Speaking of blood on their hands, it’s time to turn to Sicilian mobsters, as promised.

If I had a daughter, I wouldn’t want her to marry one. If I had a business, I wouldn’t want to hire one. Nor would I want to live next door to one. And if I were a prosecutor, I’d go after them with a vengeance, as Rudy Giuliani did, if for no other reason than they give other Italians a bad name.

It’s not just their criminality. It’s their culture of superstitions, vendettas, machoism, and crudity. Sure, both the culture and the Mafia came about because of Sicily being impoverished and conquered by so many different invaders over millennia, and because governments were so corrupt and incapable of protecting the population from predation. But in the end, so what? Knowing that history still doesn’t make me want to break bread with a Sicilian mobster, especially not at a New York Italian restaurant, where bullets might be the main course and I could end up in the trunk of a car in the long-term parking lot at Newark Airport.

Does that make me a racist?

If so, here is more evidence of my racism: I also don’t like white supremacists, communists, fascists, Antifa, religious zealots, partisan ideologues and dogmatists, and the naïve belligerents of both parties who squandered trillions of dollars in useless wars overseas for more than two decades instead of on the revitalization of America’s urban and rural slums.

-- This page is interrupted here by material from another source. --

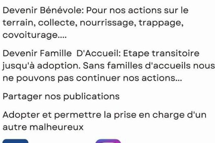 Association de protection Féline d'intérêt général, basée en Creuse. Nos zones d'intervention sont Creuse Confluence, le Val d'Oise, l 'Oise et la Vendée. Nos actions visent à nourrir les chats errants, les soigner, les identifier, les stériliser et les sociabiliser en famille d'accueil en vue d'une adoption. Protéger, secourir, stériliser et informer. Pour mener nos actions nous avons besoin d'aide. Merci

In addition, I don’t like the Cuomo brothers, Nancy Pelosi, Sean Hannity, Don Lemon, Dick Cheney, and the guy who heads up Facebook. The same with gangbangers and celebrities whose faces are covered with tattoos, or the fellow Arizonan who wore animal skin and Viking horns at the Capitol riot.

No doubt, they don’t like me or my kind, either.

That doesn’t mean that I want to take their rights away, or treat them uncivilly, or cancel them, or subject their kids to reeducation, or exclude them from our Democratic, pluralistic, classical liberal society. Nor does it mean that I think they are genetically inferior. It just means that I don’t like their beliefs and behavior, including their propensity to want to infringe on other people’s rights, or to take other people’s stuff, or to implement half-baked notions for remedying complex social and economic problems, or to see people in terms of race instead of individuals. My dislike has nothing to do with race.

Maybe someday I’ll be as enlightened and open-minded as those who see themselves as woke and who embrace critical race theory. You know, the people who focus on someone’s race and pigmentation instead of the person’s individuality.